Exercise brief
The answer is to consist only of an exact retyping of the lines from the one containing "Vintage Solid Brass" to the end of the entries, without pictures.

Given data
▽
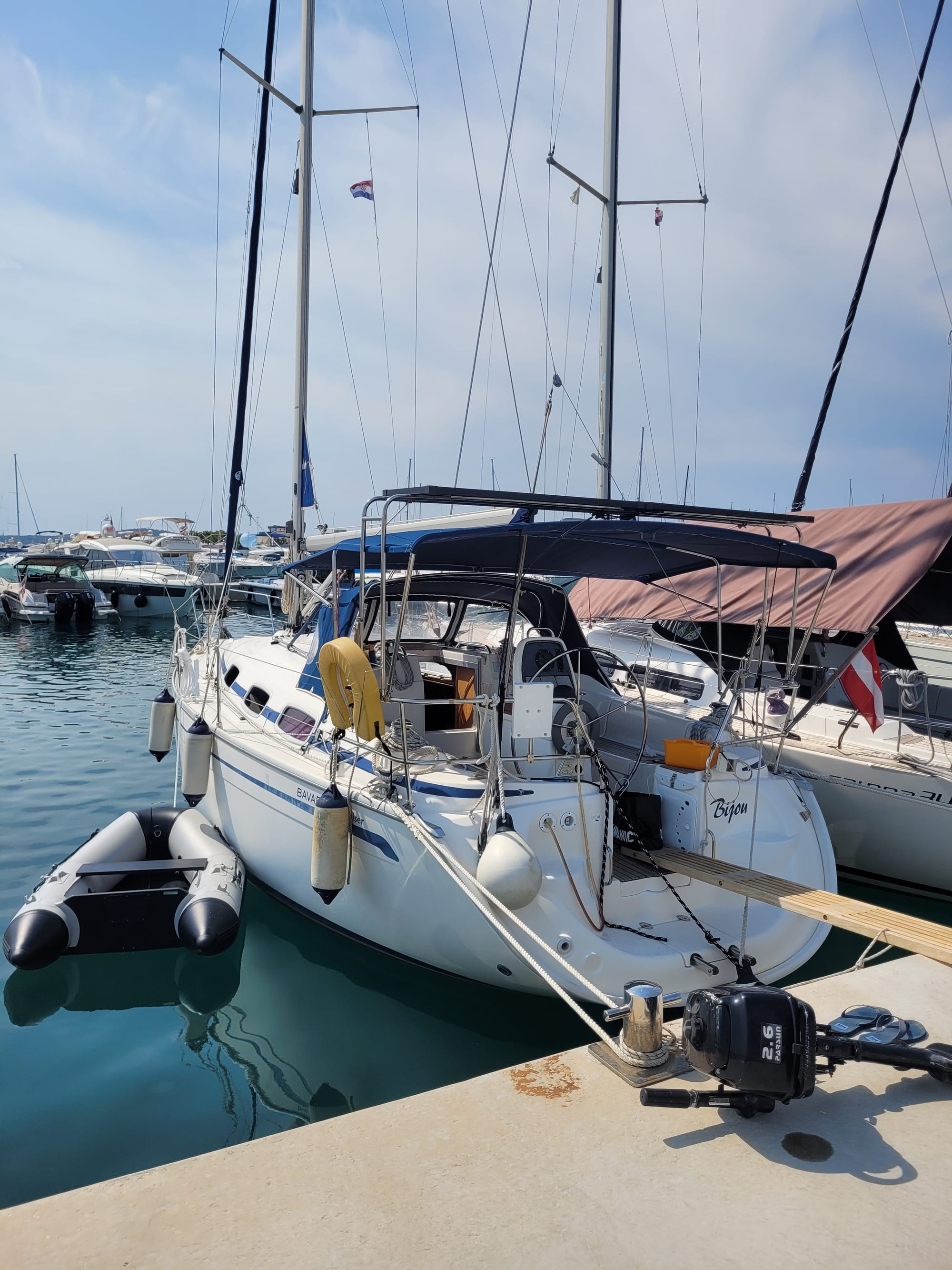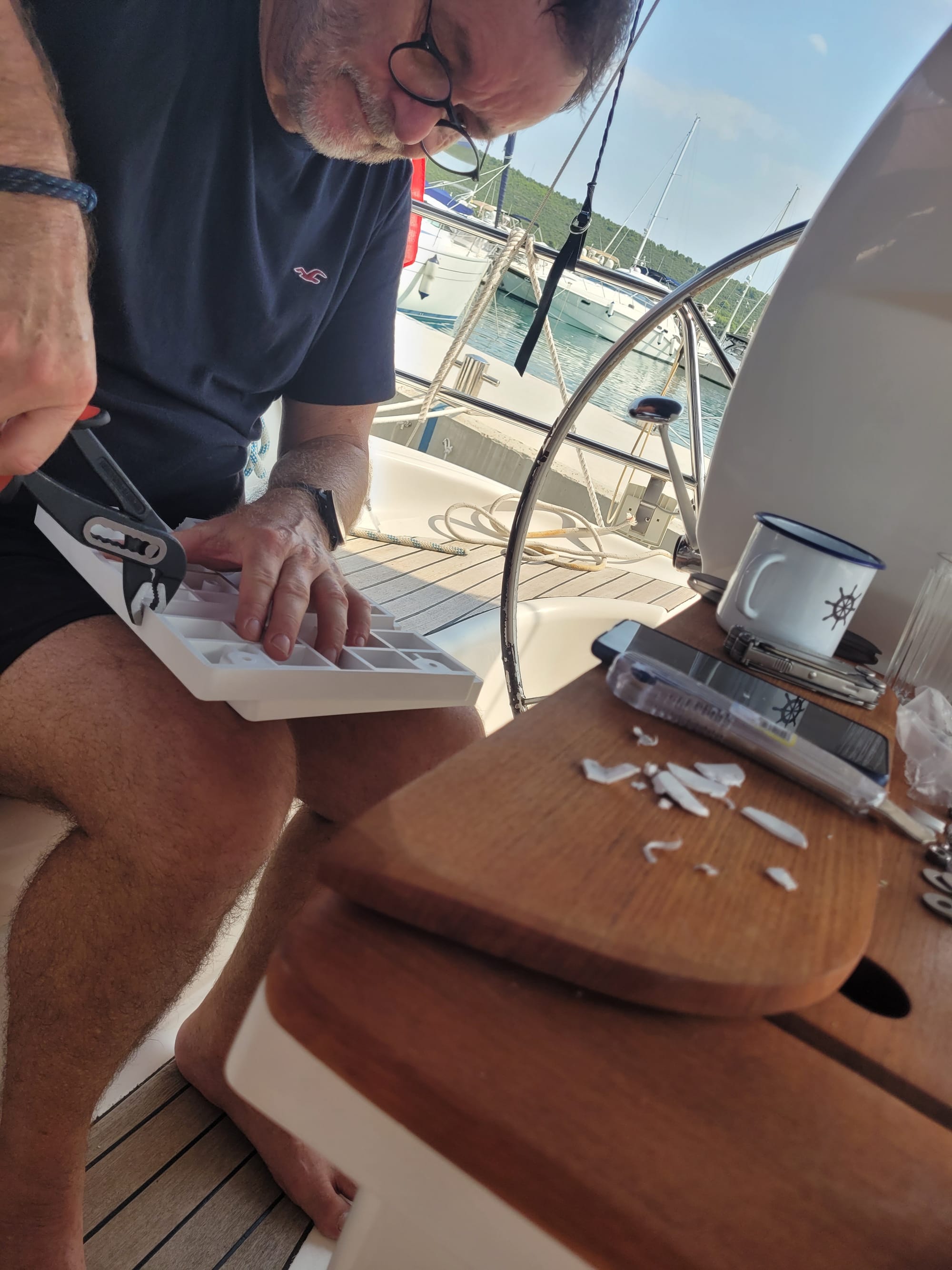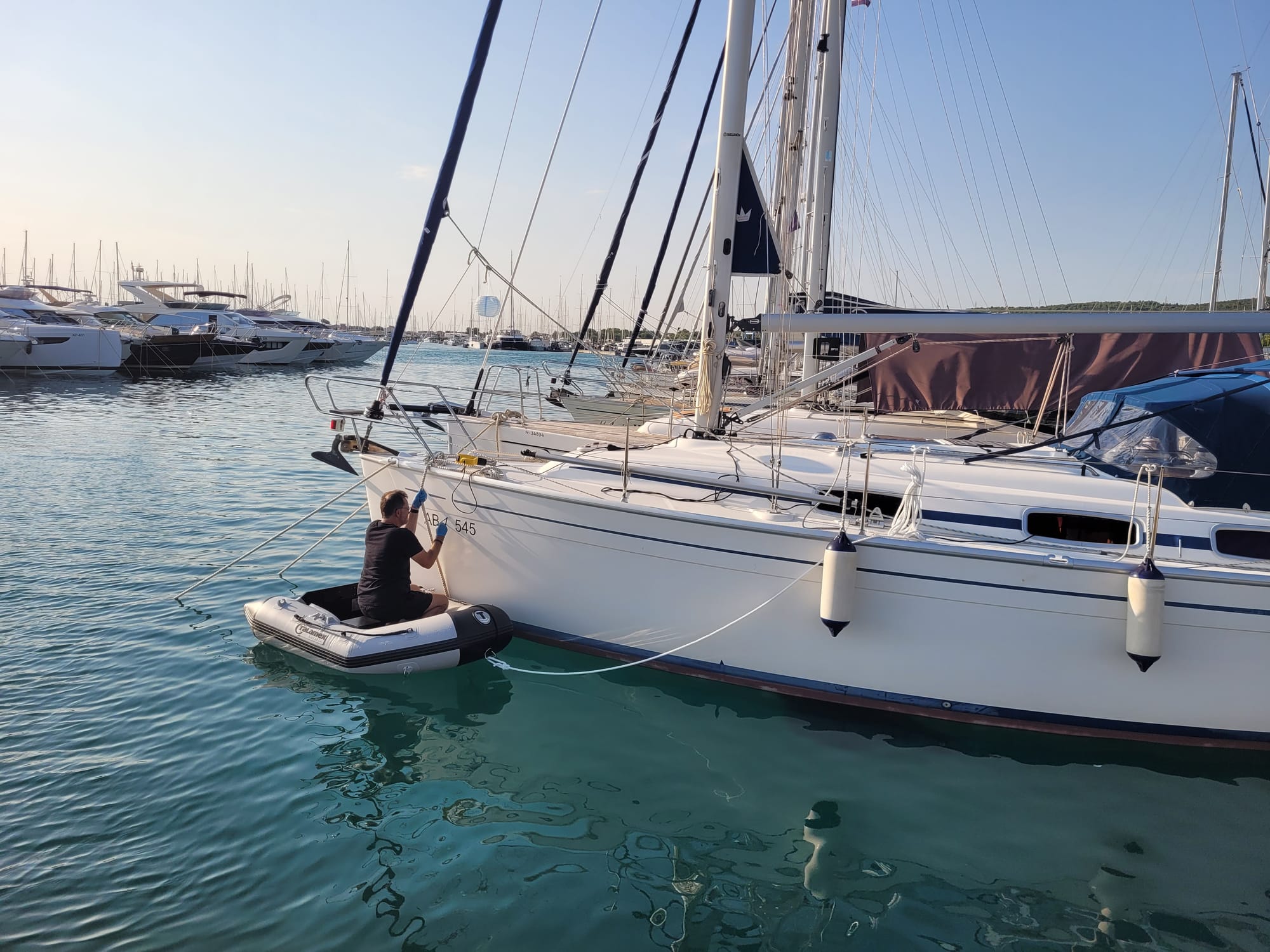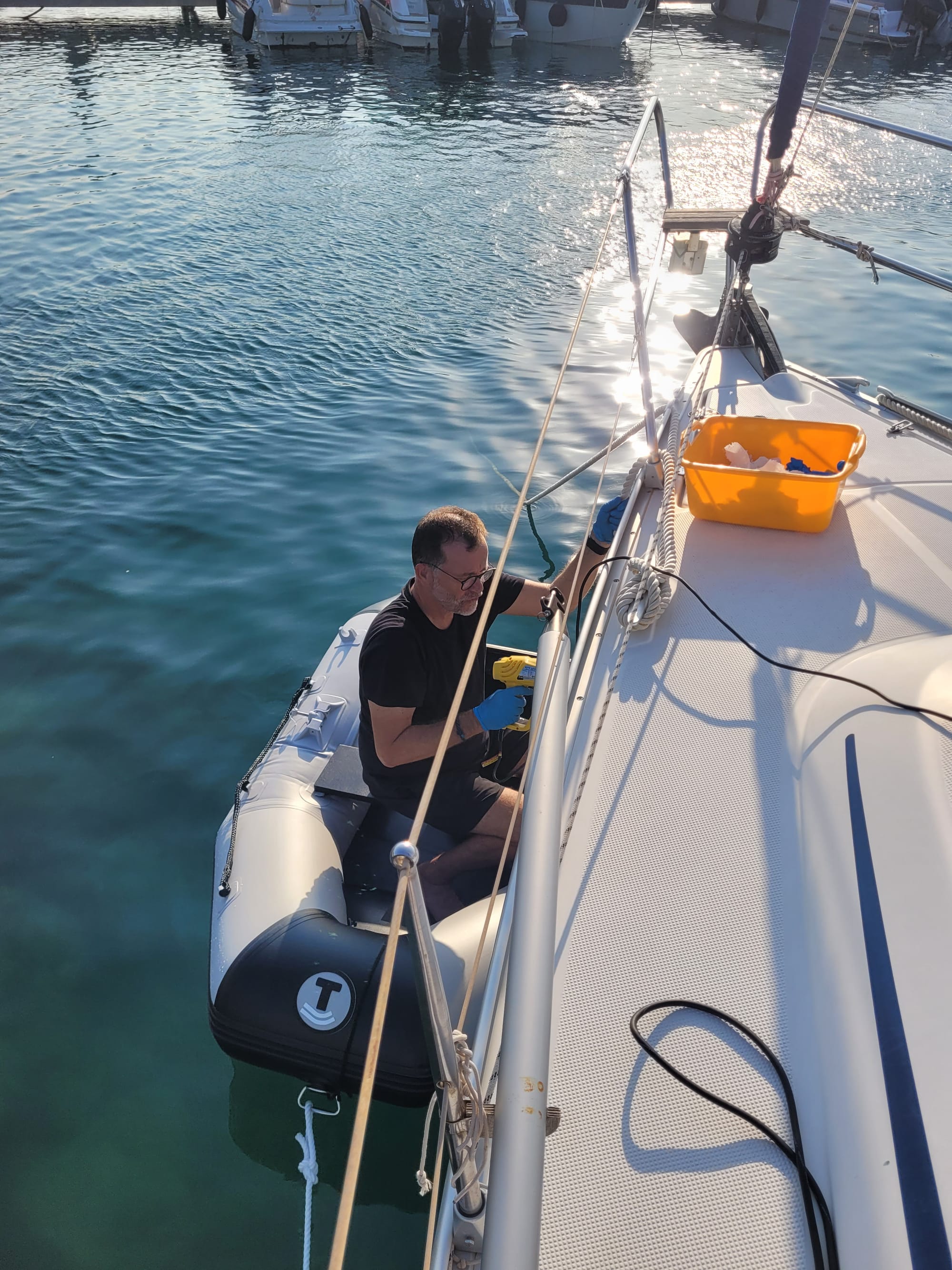 Wir haben sehr gut geschlafen. Das liegt einmal daran, dass wir am Schiff immer austariert liegen, im Gegensatz zum Luigi. Zum anderen waren wir so erschöpft vom Arbeiten, dass wir total schnell ein- und total fest ge-schlafen haben. Die Heckkabine ist außerdem wirklich sehr geräumig.
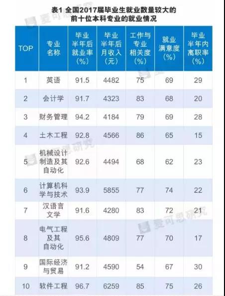 据麦可思数据统计,“软件工程专业”入选2017届毕业生就业数量较大的十个本科专业之一,其中,软件工程专业就业率最高(96.7%)。
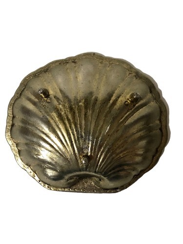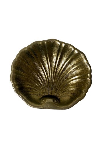 Vintage Solid Brass Footed Sea Shell Ashtray Trinket Soap Dish Nautical Beach
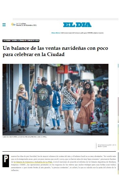 Análisis de la Cámara en relación a las ventas navideñas, reflejado en los medios locales.
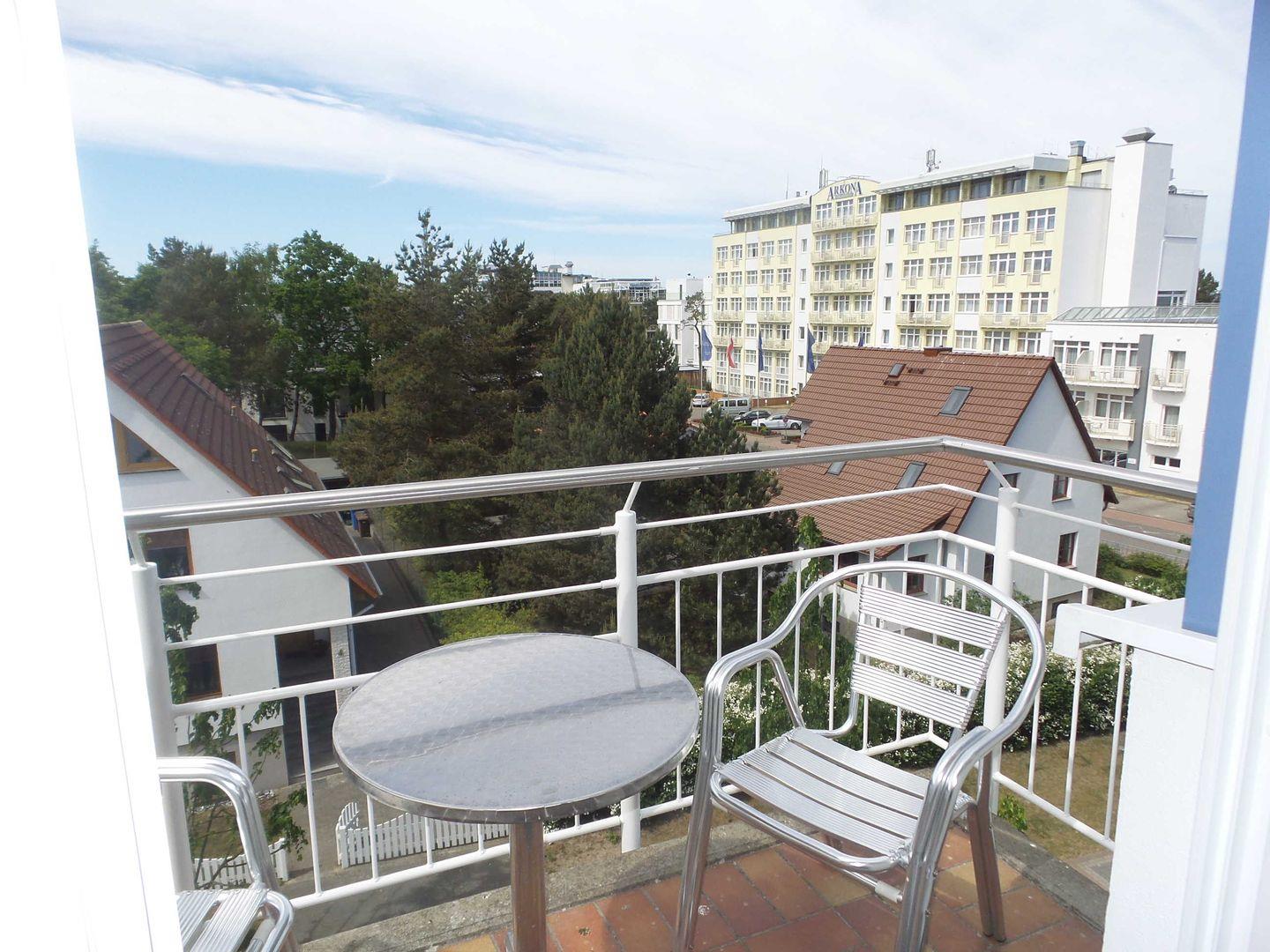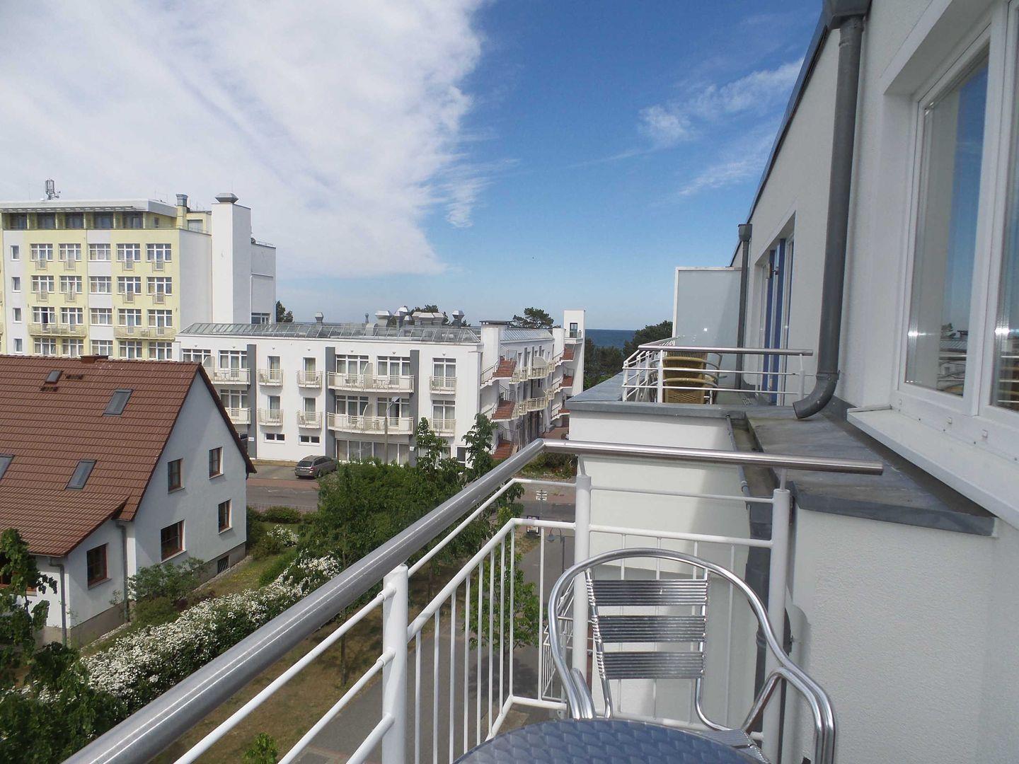 * Balkon mit Balkonmöbeln und eingeschränktem Ostseeblick (Nordwest-Ausrichtung)
△
Exercise output
 Vintage Solid Brass Footed Sea Shell Ashtray Trinket Soap Dish Nautical Beach
 Análisis de la Cámara en relación a las ventas navideñas, reflejado en los medios locales.
 * Balkon mit Balkonmöbeln und eingeschränktem Ostseeblick (Nordwest-Ausrichtung)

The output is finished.